[Opening Given data section]

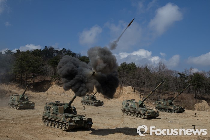(고성=포커스뉴스) 4일 오전 강원도 고성 야촌리사격장에서 열린 '2016년 전반기 해상사격 훈련'에서 육군 8군단 포병대대 소속 K-9 자주포가 사격을 하고 있다.
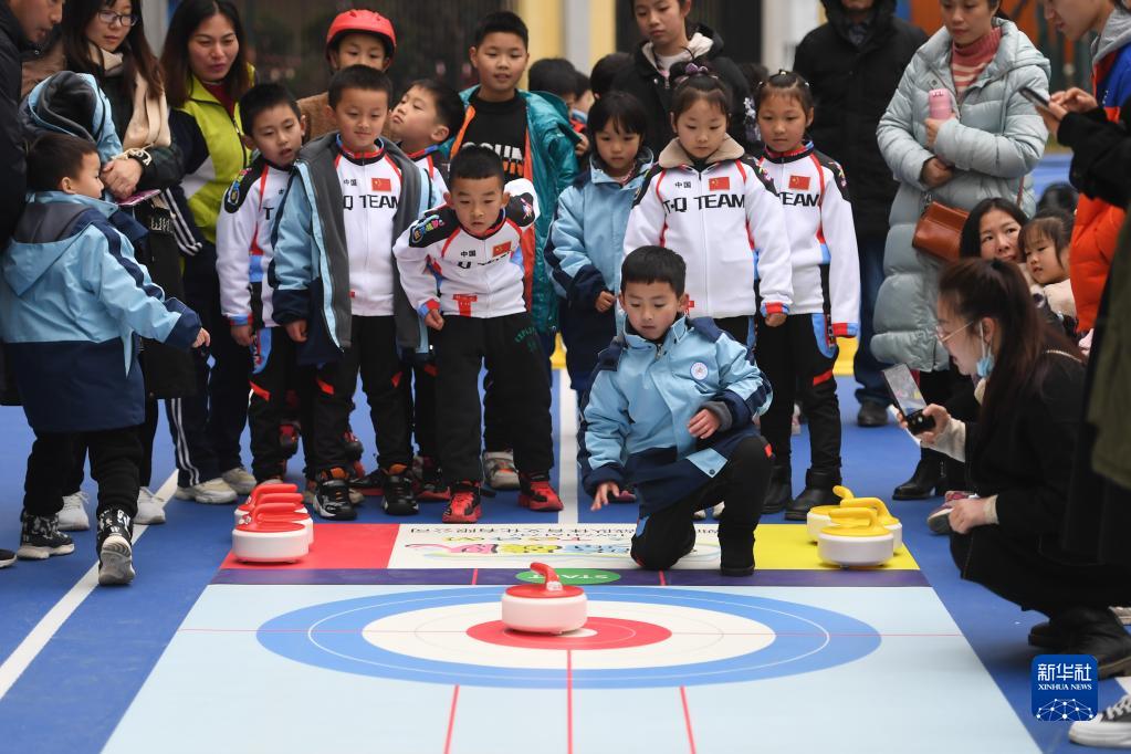 湖南省长沙市长塘里崇德小学学生在课后体验旱地冰壶运动(2022年1月7日摄)。新华社记者 薛宇舸 摄
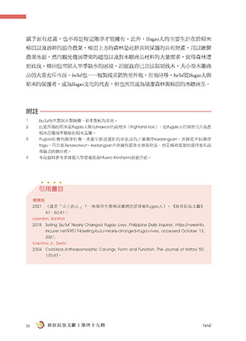 2021 〈誰是「山上的人」?―被梯田生態場景纏繞的菲律賓Ifugao人〉。《原住民族文獻》
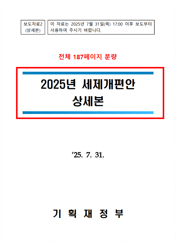 세제개편안의 배경을 설명한다는게 사설이 너무 길어졌네요. ^^ 자! 이제 본격적으로 세재개편안에 대해서 얘기해보겠습니다. 기획재정부에서 발표한 세제개편안은 총 187페이지 분량 입니다. 이 개편안 내용 중에서 우리가 관심가져야할 부분에 대해서 요약해서 포스팅 하겠습니다.
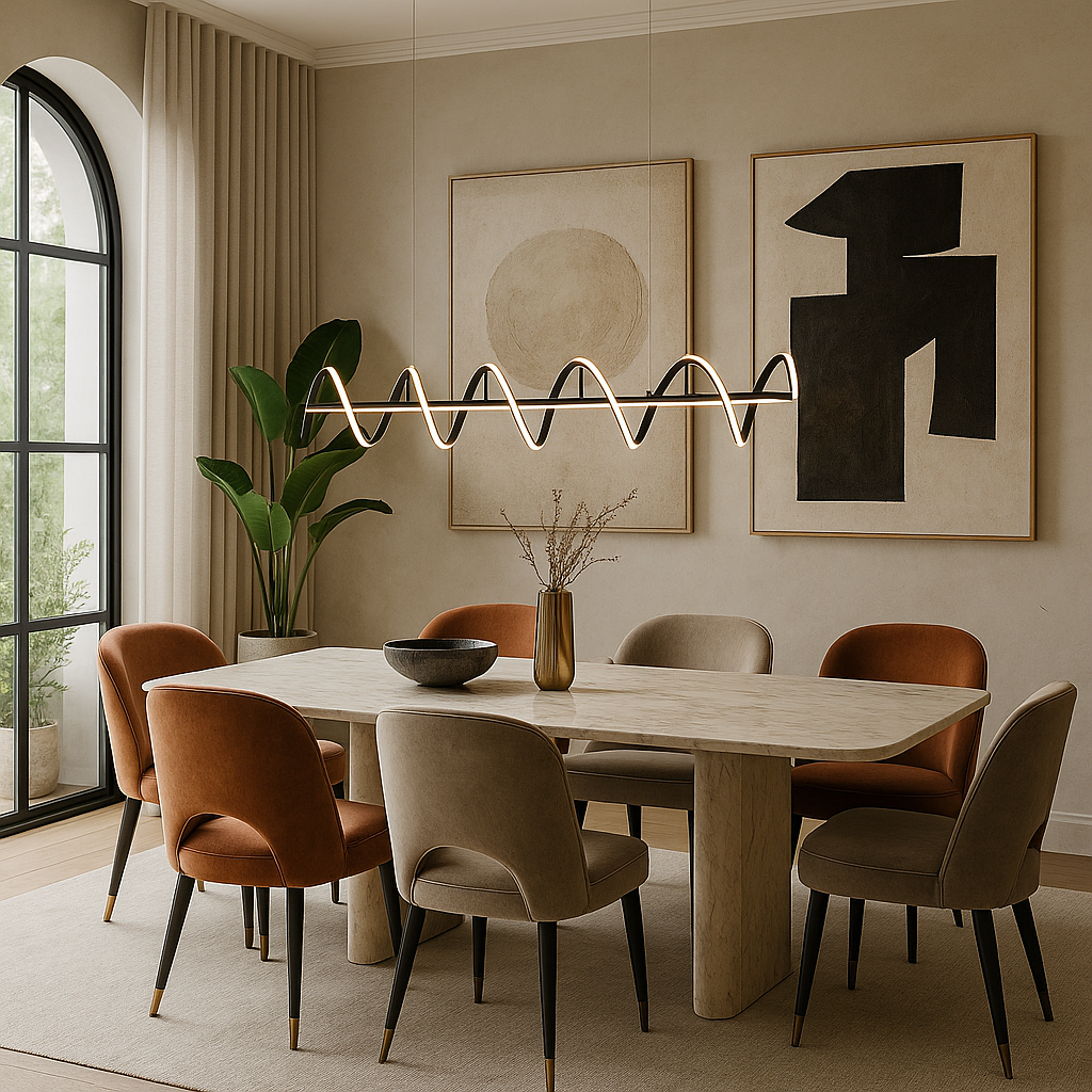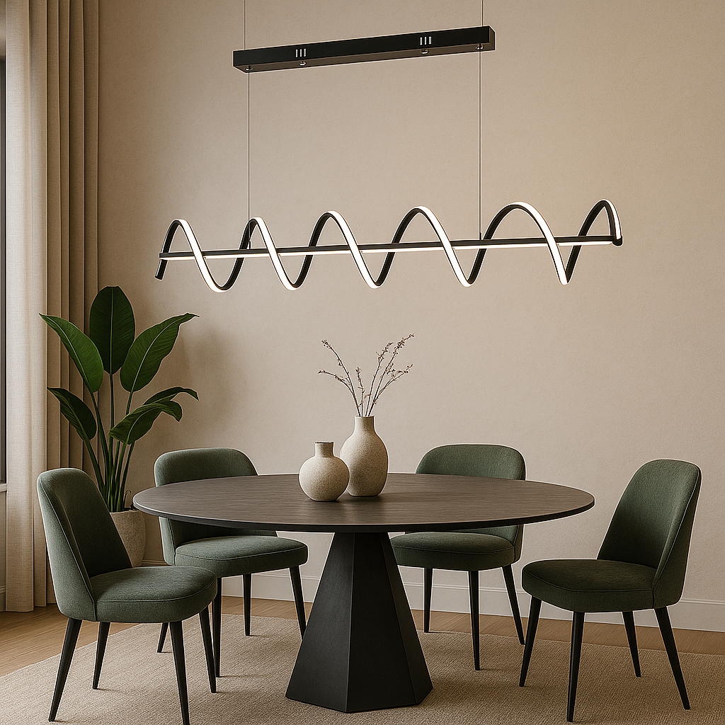 Lámpara Helixa transforma una simple línea en una danza continua de luz. Su estructura metálica negra sostiene una espiral LED que evoca dinamismo y fluidez, convirtiéndola en una pieza ideal para espacios modernos y creativos.
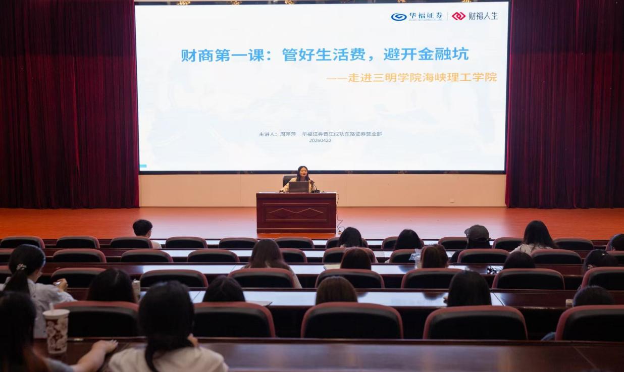 为落实访企拓岗成果,精准对接毕业生就业需求,4月22日下午,海峡理工学院邀请华福证券泉州分公司,在学校行政附楼学术报告厅举办专场招聘宣讲会,活动面向财务管理、市场营销专业学生,来自海峡理工学院、经济与管理学院、海外学院(外国语学院)等三个学院近400名学生到场参会。
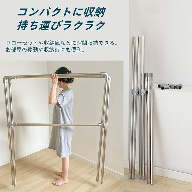 【高耐荷重で大容量】最大75kgの重量に耐えることができ、重い衣類やアクセサリーを掛けても揺れたり曲がったりすることはありません。家族はもちろん、1人暮らしのまとめ洗いにもおすすめ。ダブルバーで空気の通り道ができるから、短時間でふっくら乾かせる。ハンガー掛けを移動させれば、布団を干しても空いたスペースに洗濯物がたっぷり干せる。
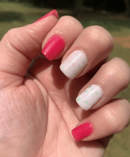 Morning Dew has an opaque white base with pink and green flakes.

[Closing Given data section]

■ What is needed
Up to and including the line containing "为落实访企拓岗成果,精准对接", quote each line of the entries above from the very first, please, exactly and without images.

■ Written answer
(고성=포커스뉴스) 4일 오전 강원도 고성 야촌리사격장에서 열린 '2016년 전반기 해상사격 훈련'에서 육군 8군단 포병대대 소속 K-9 자주포가 사격을 하고 있다.
 湖南省长沙市长塘里崇德小学学生在课后体验旱地冰壶运动(2022年1月7日摄)。新华社记者 薛宇舸 摄
 2021 〈誰是「山上的人」?―被梯田生態場景纏繞的菲律賓Ifugao人〉。《原住民族文獻》
 세제개편안의 배경을 설명한다는게 사설이 너무 길어졌네요. ^^ 자! 이제 본격적으로 세재개편안에 대해서 얘기해보겠습니다. 기획재정부에서 발표한 세제개편안은 총 187페이지 분량 입니다. 이 개편안 내용 중에서 우리가 관심가져야할 부분에 대해서 요약해서 포스팅 하겠습니다.
 Lámpara Helixa transforma una simple línea en una danza continua de luz. Su estructura metálica negra sostiene una espiral LED que evoca dinamismo y fluidez, convirtiéndola en una pieza ideal para espacios modernos y creativos.
 为落实访企拓岗成果,精准对接毕业生就业需求,4月22日下午,海峡理工学院邀请华福证券泉州分公司,在学校行政附楼学术报告厅举办专场招聘宣讲会,活动面向财务管理、市场营销专业学生,来自海峡理工学院、经济与管理学院、海外学院(外国语学院)等三个学院近400名学生到场参会。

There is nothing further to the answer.